Having read several books about First World War aviators and researched aviator poets for my commemorative exhibitions, I was very keen to find out more about the equipment needed in those early days of flight.  In this book, Mark Hillier has collected the most wonderful information about the uniforms and equipment that aircrew required to stay safely in the skies over the Western Front.

After admiring the front cover photograph, the first thing I discovered was on one of the first inside pages that the Latin motto of Britain’s Royal Air Force – “Per ardua ad astra” (Translation By hard work we reach the stars), which was the motto used by my primary school when I was there – was approved as the motto of the Royal Flying Corps, as the RAF was initially known, by King George V on 15th March 1913, and confirmed by Army Order No. 111”.

As an aside, due to my interest in the role of women in WW1, I was interested to note on page vi that the book is dedicated to the author’s family members, among them Nurse Memie Gwendolin Stephenson, who was a volunteer ambulance driver with the Red Cross.

Although Mark goes into great detail about equipment, he also explains the history of Britain’s military aviators and the background to the formation of the Royal Flying Cops.  

In the Introduction I noticed that “keeping warm was not just about creature comforts, but maintaining alertness which meant the odds of surviving increased on long or high-altitude sorties.”  Mark explains that “The focus was on the art of flying, and it was an art form at this time rather than a science.” (pp. viii and ix).

I found the chapters on flying clothing, flying equiment, unforms, rank, badges, insignia and buttons utterly fascinating.  They are chock full of the most wonderful photographs – many of them from Mark’s private collection - information, explanations and contemporary advertisements. “It seems that by August 1917 the RFC had started to adopt some electrically heated clothing.” (p. 93).   It is a real eye-opener to read about the trials and tribulations involved in finding out which clothes, goggles, gloves, helmets and boots, etc. were the best in those early days of flight, which were difficult enough without being shot at, and the research and testing necessary to manufacture them.

There are also chapters on paperwork and documents and on the transition from the Royal Flying Corps to the Royal Air Force.   With appendices, notes and an extensive bibliography, this is a book you will want to refer to again and again.

For further information about this and other wonderful books from Pen & Sword please see their website:

Lucy  London

Saturday, 6 November 2021

"Twelve Secret Voices" A Hand-made mystery bedspread from World War One

In November 2018, Anne Schuermans was in a charity shop in Wales, UK, rummaging through a bag of white goods, looking for a tablecloth for Christmas Day, when she came across a rather unusual embroidered double bedspread. Anne tells us:  "The bedspread was unusual because the embroidery was not of baskets, seasons, flowers or bonneted ladies. There wasn’t even a bird or bow!  The embroidery was of REGIMENTAL BADGES!   Twelve in total, representing assorted units from seven commonwealth countries!

When my husband Damian and I identified them, another unique fact came to light - they were all active in World War One! Now we were REALLY intrigued!

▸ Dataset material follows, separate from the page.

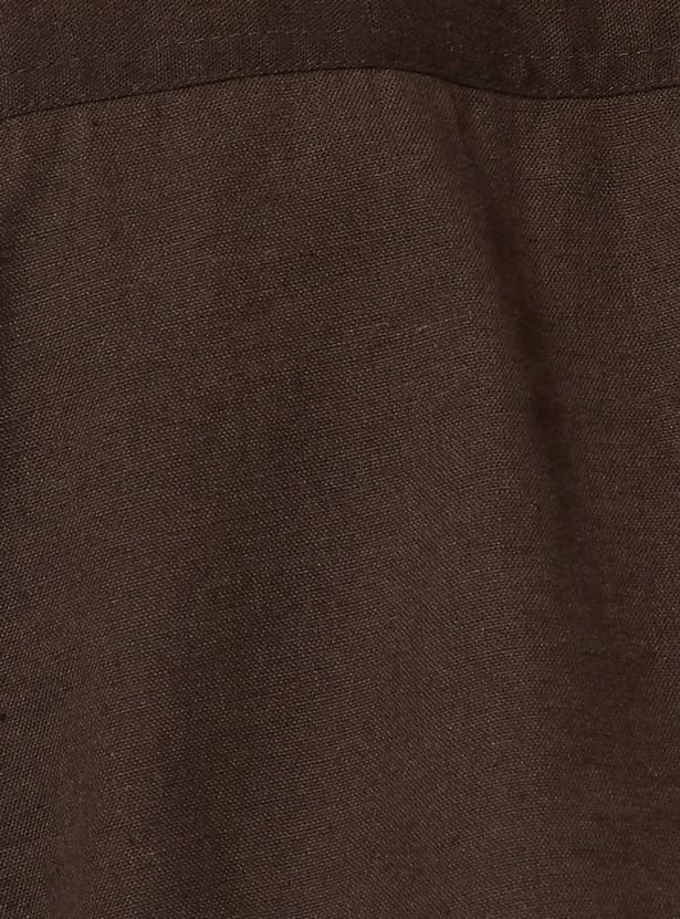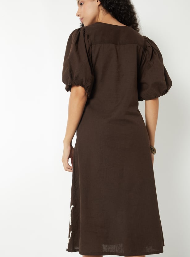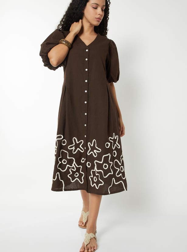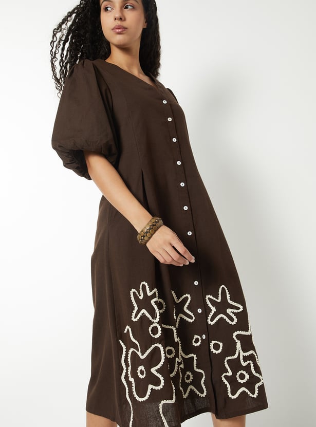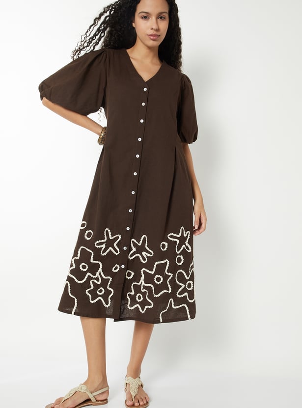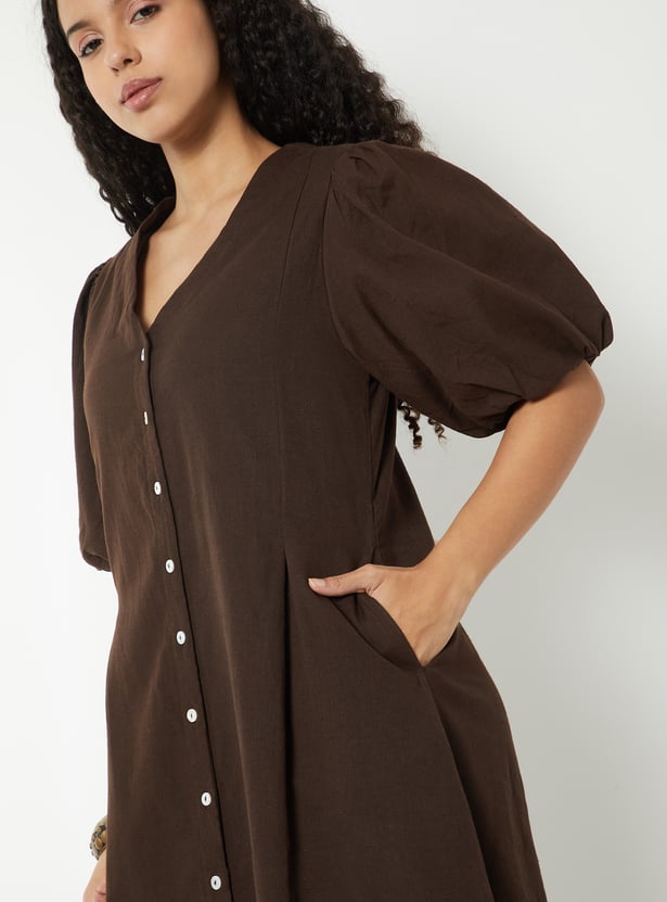 This womens' printed dress features a clean V-neckline, button-down front, and elegant princess-line pleat detailing. Designed in an A-line fit with elbow-length puff sleeves, elasticated openings, and pockets on both sides, it blends structure with feminine charm.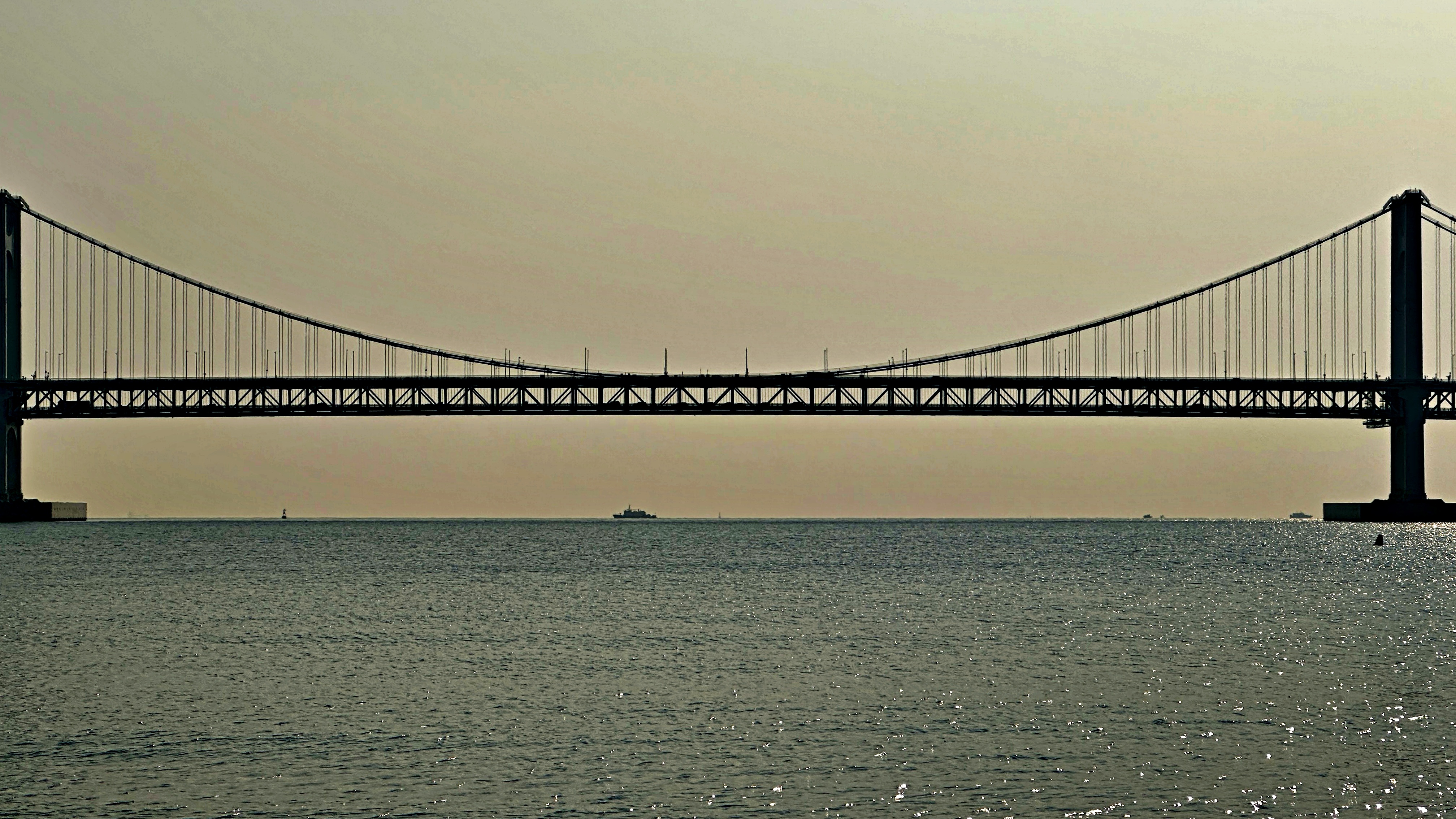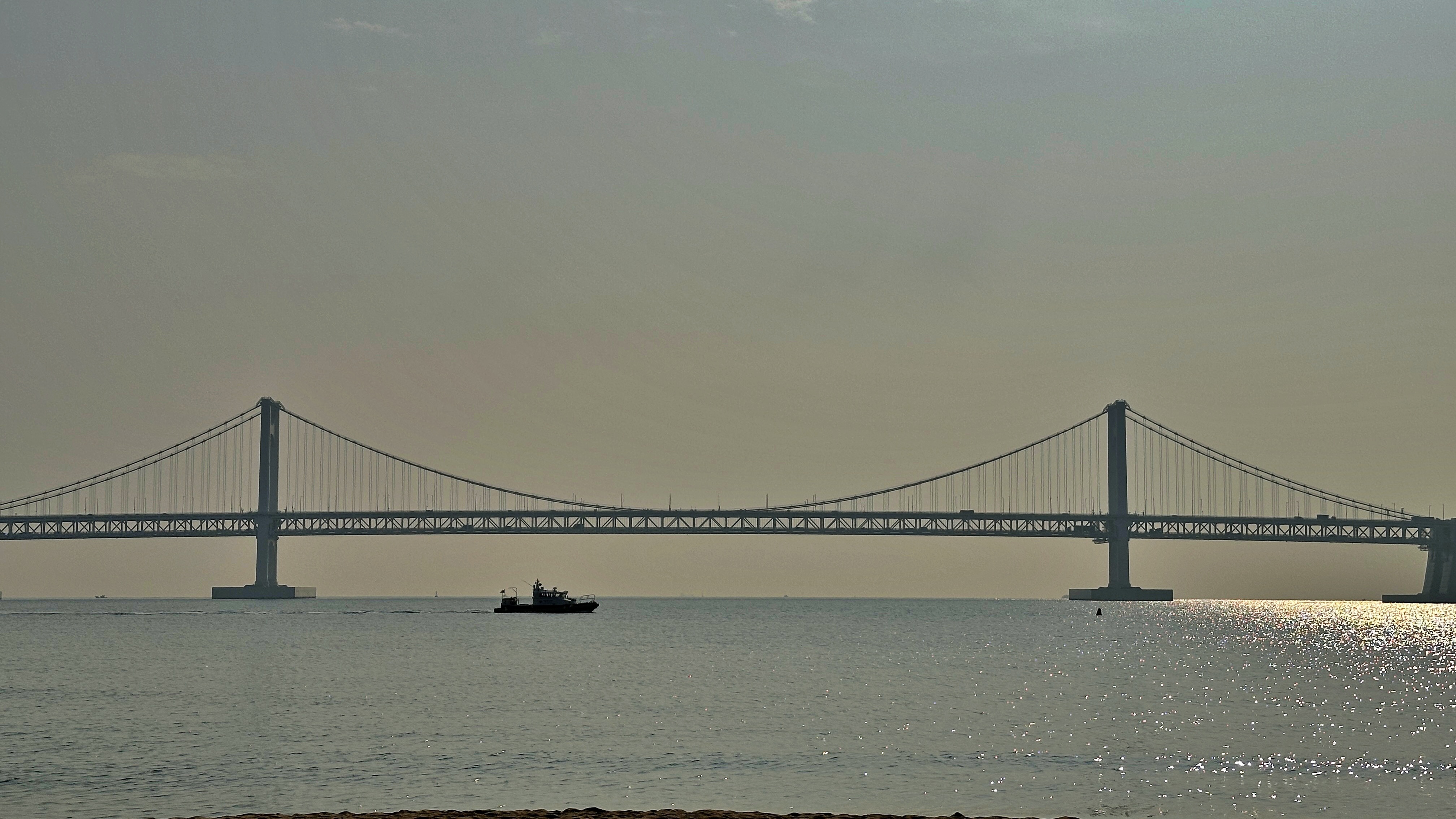 광안대교 복층다리에는 차들이 쉼없이 달리고 있고, 바다 위로 배들이 가끔 지나간다.

This amazing bedspread helped us through 2020 by taking us on an international and often time- travelling adventure, including 1914 Ypres, a British actor in Hollywood, an Irish Convent, Chequers (yes - THAT one) and to numerous historic professional organisations.

And all because there is NO clue on it of WHO, WHERE, WHY, WHEN etc. it was made! NOTHING AT ALL!

These questions inspired us to write a book about our adventure and we are pleased that this beautiful article is now in a public collection for all to enjoy.  We have called the book .

"TWELVE SECRET VOICES:  A true World War One mystery" 


£10 plus p&p worldwide from

Anne and Damian"

Wow! I will definitely have to get a copy of this! 

Tuesday, 19 October 2021

John B. McDowell, MC, BEM (1877 – 1954) – British film maker, director and cameraman during WW1

John Benjamin McDowell was born in Plumstead, London, UK on 22nd December 1877.  His parents were George McDowell and his wife Susan, nee Franklin. He had a brother, George, who was born in 1882.

When he was fifteen, John began an apprenticeship as an engineer at Woolwich Arsenal, who manufactured armaments, munitions and explosives.  By 1898 he was working as a cameraman, projectionist and electrician for ‘The  British Mutoscope and Biograph Syndicate’, often showing  Biograph films of the Boer War at the Palace Theatre in London. 

John married Emily Ada White in 1900 and the couple lived in Deptford before moving to Willesden. On the 1901 Census, John described  himself a Biograph operator at the Palace Theatre, London.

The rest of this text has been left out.